Now I'm searching for a new one for this season


----------



## brutemike

BBOPowered said:


> a friend of mine has an older Honda Foreman with the 2500 lb superwinch on it and I know hes hated it since the day he got it, Ive seen him bury that thing up over the wheels in nice thick black dirt mud and it doesnt have the power to pull him out. so ive gotta pull him out with mine behind a tree . dunno if hes just got a crappy one or not just my only experience with em'


 I had the same problem but with warns 2500ci piece of junk.Im going with a 4000 viper when i get the extra cash to get one.


----------



## Polaris425

BBBPowered said:


> I've got a Superwinch, don't know if it's the same thing or not, but it'll barely lift the plow.
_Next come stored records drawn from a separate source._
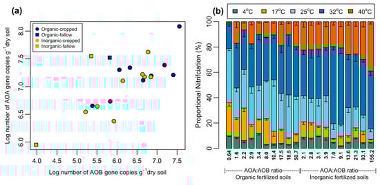 The variation (a) in ammonia oxidizing archaea (AOA) and ammonia oxidizing bacteria (AOB) abundances (qAOA and qAOB, respectively) among organic and inorganic farm and influence of AOA to AOB ratios (b) on soil proportional nitrification across a temperature range of 4 to 40 °C. Error bars represent the standard error (n = 3) for nitrification potential at each temperature.
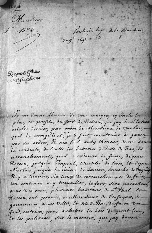 Service Historique de la Défense du Château de Vincennes : Archives du Génie, Article 8, Roscoff, Places abandonnées, lettre du 30 novembre 1694.
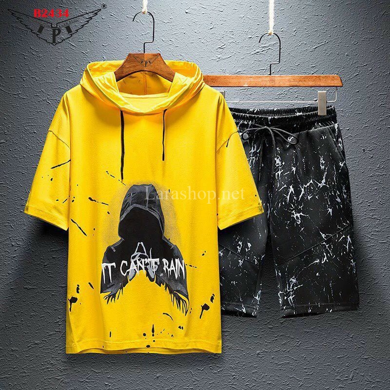 Bộ cotton nón in hình phối lửng, size cồ – R846

It's a 1500lbs one that came with the wheeler and the only thing it's good for is being used as a tow rope. I expected more from it as I got it for nothing of course.
> Now I'm searching for a new one for this season


Yeah those old things were a piece of crap.


----------



## Coolwizard

I've got a super winch that's 10+ years old, still going strong (sorta, it's only a 2000lb). It's on my prairie and just gets used for plow duty now but in it's day, it got some pretty good work outs.
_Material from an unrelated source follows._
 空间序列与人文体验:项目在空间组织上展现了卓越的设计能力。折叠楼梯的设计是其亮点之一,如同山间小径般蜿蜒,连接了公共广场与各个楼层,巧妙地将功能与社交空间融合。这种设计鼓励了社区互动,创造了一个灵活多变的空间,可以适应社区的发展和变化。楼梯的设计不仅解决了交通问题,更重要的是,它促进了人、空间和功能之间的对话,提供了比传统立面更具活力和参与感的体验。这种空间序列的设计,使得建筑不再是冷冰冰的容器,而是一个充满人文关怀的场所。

However, with the price and quality of the Viper from Motoalliance, I couldn't imagine buying anything else!


----------



## BBOPowered

bought time you joined this **** forum BBBPowered!


----------



## blue beast

never had any pulling probs out of my warn 3k ..pulls good all the way thru..but i have heard the viper is a good winch...


----------



## wyo58

I've owned all three models superwinch, viper, and warn. The superwinch was the 1500 lb one was deffo a P.O.S. The viper was a 3000 lb with the rope cable, not wild about the cable but the winch seemed ok and your right the customer service is second to nobody. I have the warn now and am completely pleased with it! They are more expensive but in my area they are well supported and really hard to dork up.

Happy winch hunting!


----------